I nod. Of course I'll behave myself. Don't I always?

"Your father?" I ask, as we get deeper and deeper into the town. All along there are calls of welcome and greeting. Lots of folks think Indians are always solemn and reserved, but that's only when they're in the company of strangers. When they're with their own, they laugh and cavort as much as any people, which is what they're doing now. I am starting to draw some attention from the younger members of the tribe, I notice.

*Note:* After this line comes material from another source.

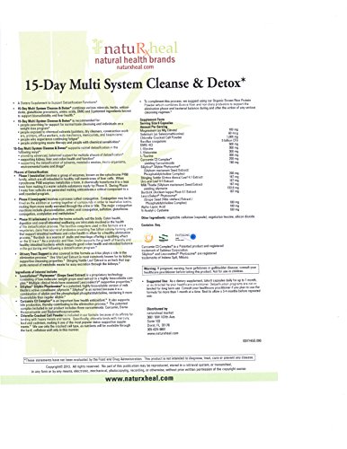 -. Binding : Health and Beauty -. Brand : natuRxheal -. EAN : 0039517212569 -. Feature : combines various minerals, herbs, antioxidants, glutathione precursors, amino acids, DMG and 3 patented ingredients known to support bioavailability and liver health. / people searching for support for normal toxin cleansing and individuals on a weight-loss program / people exposed to chemical solvents (painters, dry cleaners, construction workers, printers, office workers, auto mechanics, manicurists, and beauticians) / people who experience continuing fatigue / people undergoing sauna therapy and people with chemical sensitivities -. Label : natuRxheal -. Manufacturer : natuRxheal -. PackageQuantity : 1 -. ProductGroup : Health and Beauty -. ProductTypeName : HEALTH_PERSONAL_CARE -. Publisher : natuRxheal -. Studio : natuRxheal -. Title : 15 day Multi System Cleanse & Detox -. UPC : 039517212569

"When I was a young'un, I ran away from home, and my father Tak-a-lay-to took me in and made me his son. Chee-a-quat is my brother. I am Shawnee," he says, with a good deal of pride.

Ah. Well, that explains a lot, I'm thinking. We come up on a group of girls, mostly my age as far as I can tell. They are dressed in very handsome buckskin shirts and skirts that come to their knees, and they are wearing moccasin leggings that come up to mid calf. Their clothes are decorated with much beading and quillwork and are very handsome—it must be their good clothes that they have on for the occasion of this grand powwow. Lightfoot speaks to them in Shawnee, and one of them, a girl only slightly taller than I and totally without expression, comes forward and takes my hand to lead me off, to what, I don't know. The other girls follow silently.

I am led around the back of a group of tepees, down a path, and to a small meadow next to the river. They stand in a group apart and regard me, saying nothing.

Well, we can't keep this up forever, can we? And I've found that nothing breaks the ice like a good tune, so I whip my pennywhistle from my sleeve to play "Poll Ha'penny," and accompany it with my dancing feet. As I do it, my shawl slips from my head, revealing my hair, which Higgins just this morning had put up in a French style with a blue ribbon holding it all together.

Now, I ain't a true blond, not like Clarissa Howe, I'm more of a sandy-haired type, but compared to these girls with their raven locks, I am surely a jolie blonde, no doubt about it. They stand astounded at both my appearance and my music.

I slip the whistle back up my sleeve and regard my audience. I put my tightly closed right fist in front of my face, my fingers toward me, my knuckles facing toward the girl who escorted me here. Then I point with my index finger to the girl, my hand moving away from my face as I do so. It is the sign for "What's your name?"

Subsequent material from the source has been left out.